• [Data provided]:
════════════════

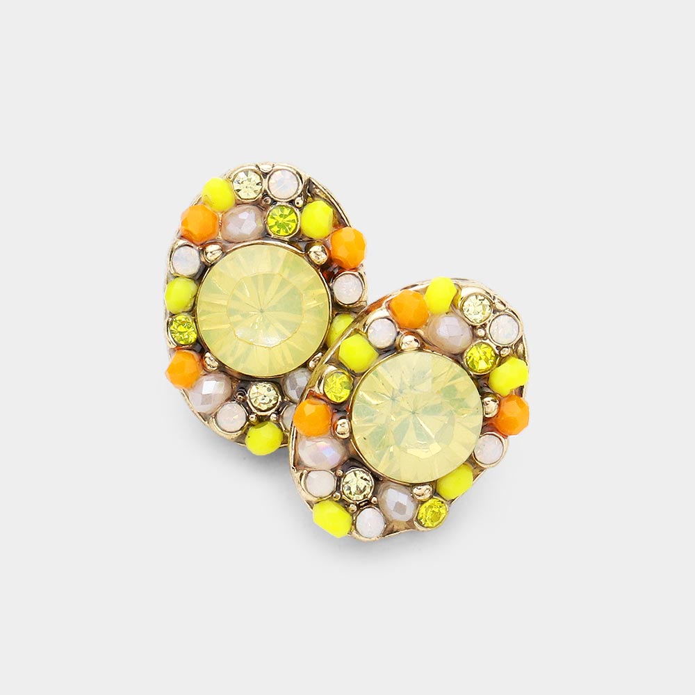 Multi Stone Cluster Oval Stud Earrings
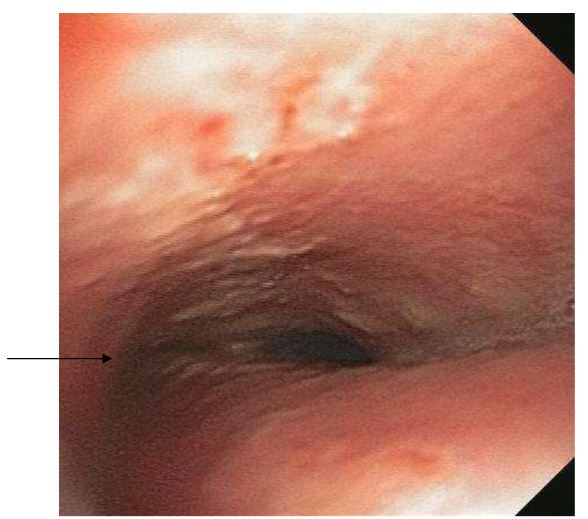 Figure 3. Photo taken during bronchoscopy demonstrating abnormal appearance of tracheal wall and cartilaginous rings at the level of the carina. Note the relative flattening of the left mainstem bronchus compared to the right.
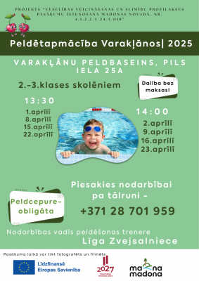 Kopā ar peldēšanas treneri Līgu Zvejsalnieci peldēšanas nodarbībās bērni apgūs drošību ūdenī, pareizu elpošanu un peldēšanas pamatus. Stiprināsim muskuļus, uzlabosim izturību un pārliecību par sevi. Regulāras nodarbības palīdz justies brīvi ūdenī, vairo enerģiju un prieku kustībā — lai vasaras piedzīvojumi būtu droši un jautri! Uz nodarbību jāņem līdzi peldcepure.

════════════════

• [Directions]: When copying, output the data exactly and leave out the pictures.

• [Expected output]:
 Multi Stone Cluster Oval Stud Earrings
 Figure 3. Photo taken during bronchoscopy demonstrating abnormal appearance of tracheal wall and cartilaginous rings at the level of the carina. Note the relative flattening of the left mainstem bronchus compared to the right.
 Kopā ar peldēšanas treneri Līgu Zvejsalnieci peldēšanas nodarbībās bērni apgūs drošību ūdenī, pareizu elpošanu un peldēšanas pamatus. Stiprināsim muskuļus, uzlabosim izturību un pārliecību par sevi. Regulāras nodarbības palīdz justies brīvi ūdenī, vairo enerģiju un prieku kustībā — lai vasaras piedzīvojumi būtu droši un jautri! Uz nodarbību jāņem līdzi peldcepure.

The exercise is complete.